WHAT IS REQUIRED:
Set the listing down unchanged, minus every embedded image.

DATA BLOCK:
□ □ □ □ □
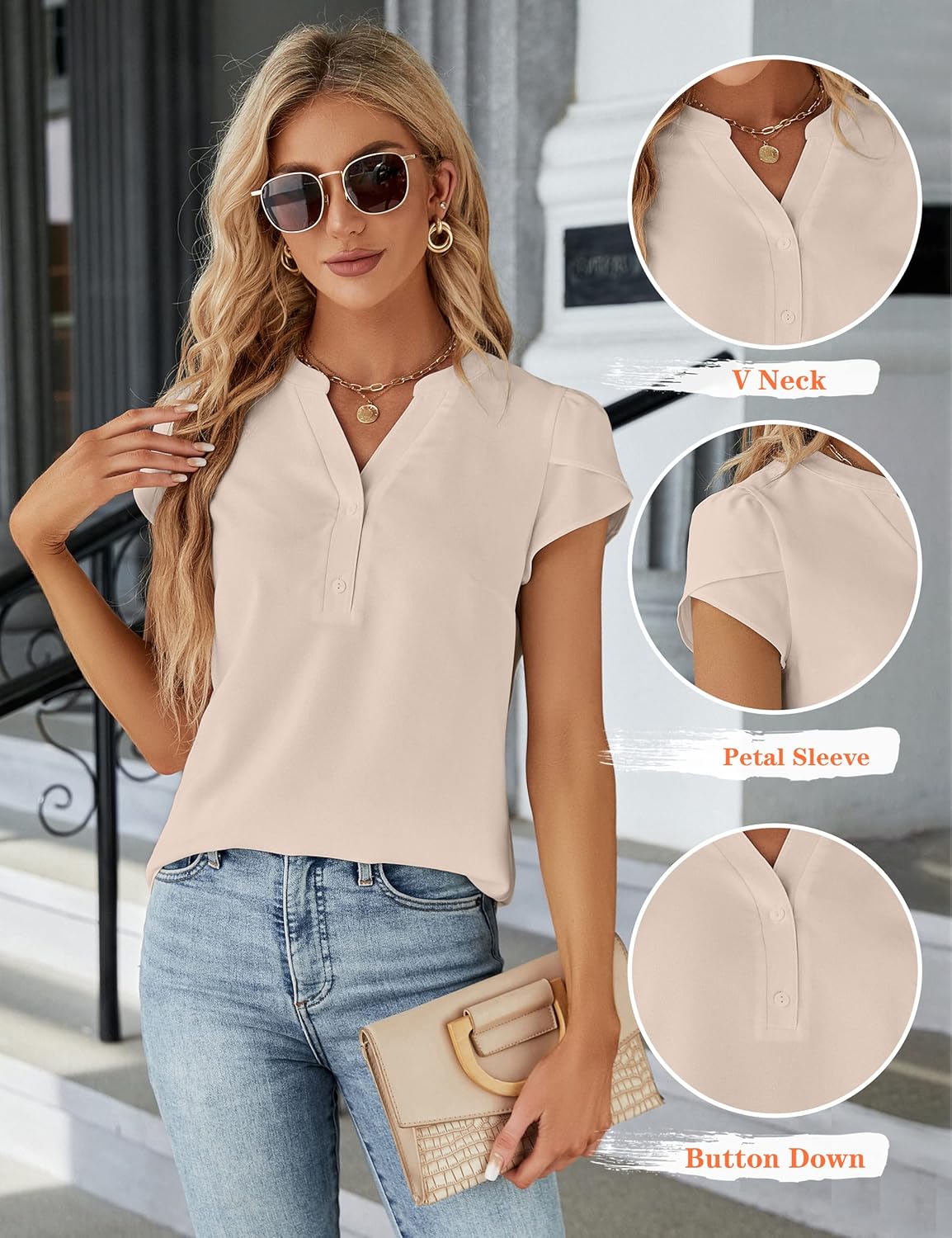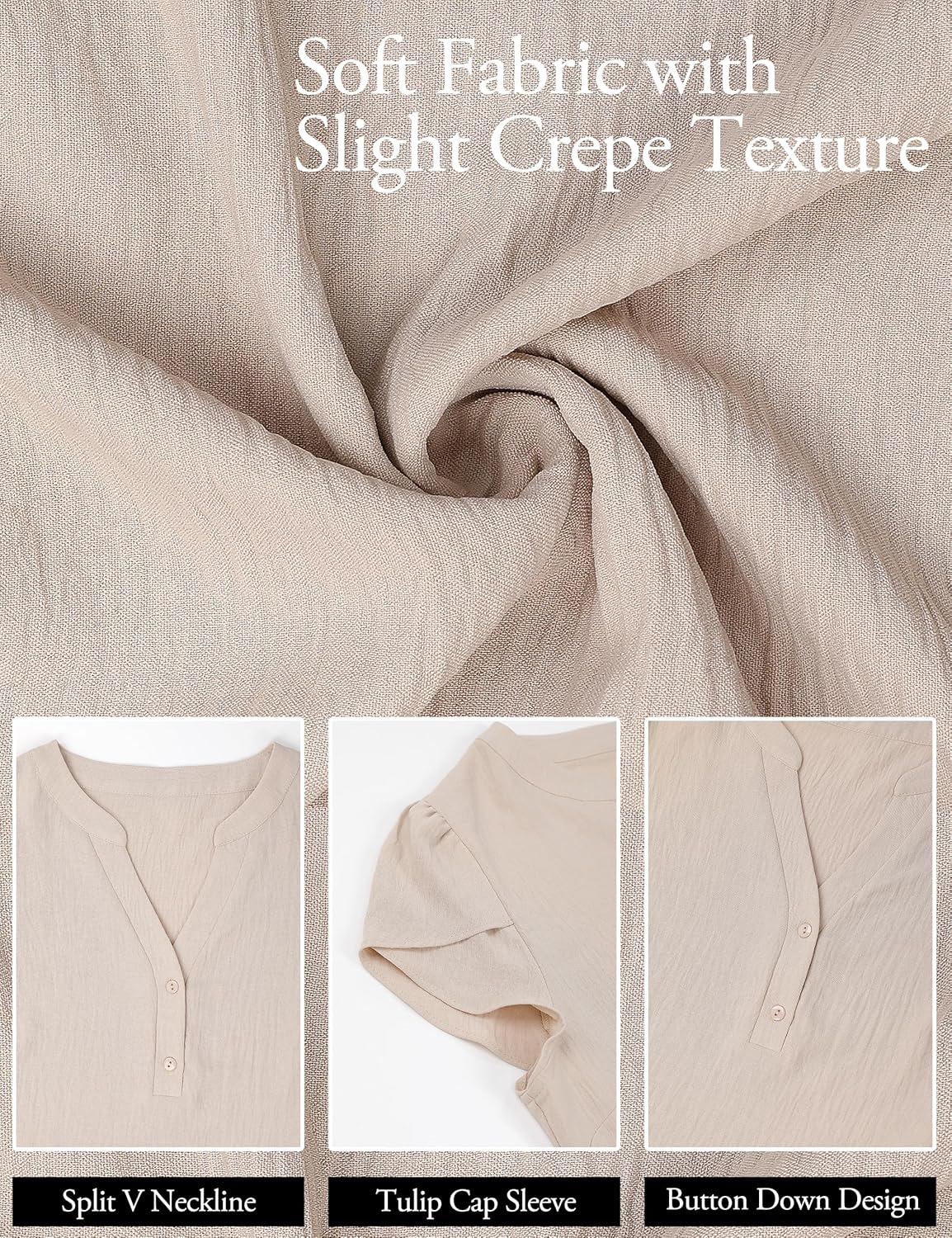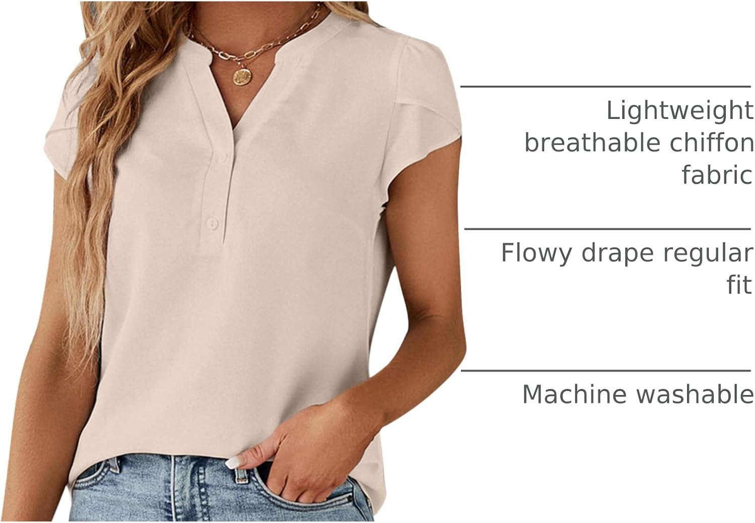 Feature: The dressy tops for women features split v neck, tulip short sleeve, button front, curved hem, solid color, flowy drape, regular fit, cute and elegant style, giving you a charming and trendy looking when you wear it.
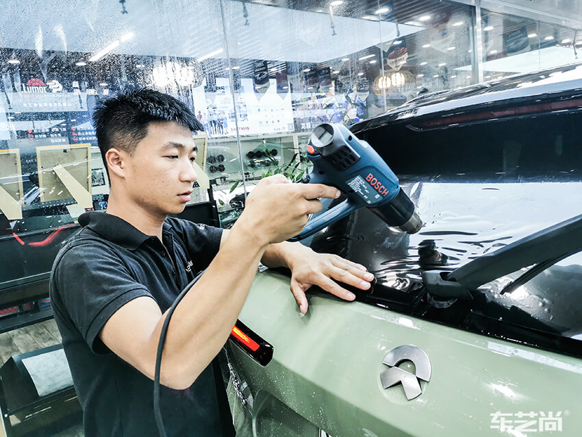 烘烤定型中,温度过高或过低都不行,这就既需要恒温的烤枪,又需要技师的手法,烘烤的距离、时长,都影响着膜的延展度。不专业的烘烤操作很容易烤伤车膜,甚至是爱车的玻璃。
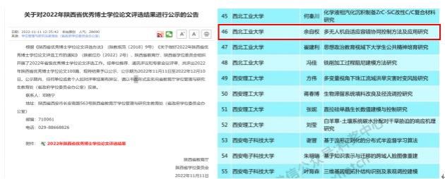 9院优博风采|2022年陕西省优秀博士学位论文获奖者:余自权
□ □ □ □ □
TASK RESULT:
 Feature: The dressy tops for women features split v neck, tulip short sleeve, button front, curved hem, solid color, flowy drape, regular fit, cute and elegant style, giving you a charming and trendy looking when you wear it.
 烘烤定型中,温度过高或过低都不行,这就既需要恒温的烤枪,又需要技师的手法,烘烤的距离、时长,都影响着膜的延展度。不专业的烘烤操作很容易烤伤车膜,甚至是爱车的玻璃。
 9院优博风采|2022年陕西省优秀博士学位论文获奖者:余自权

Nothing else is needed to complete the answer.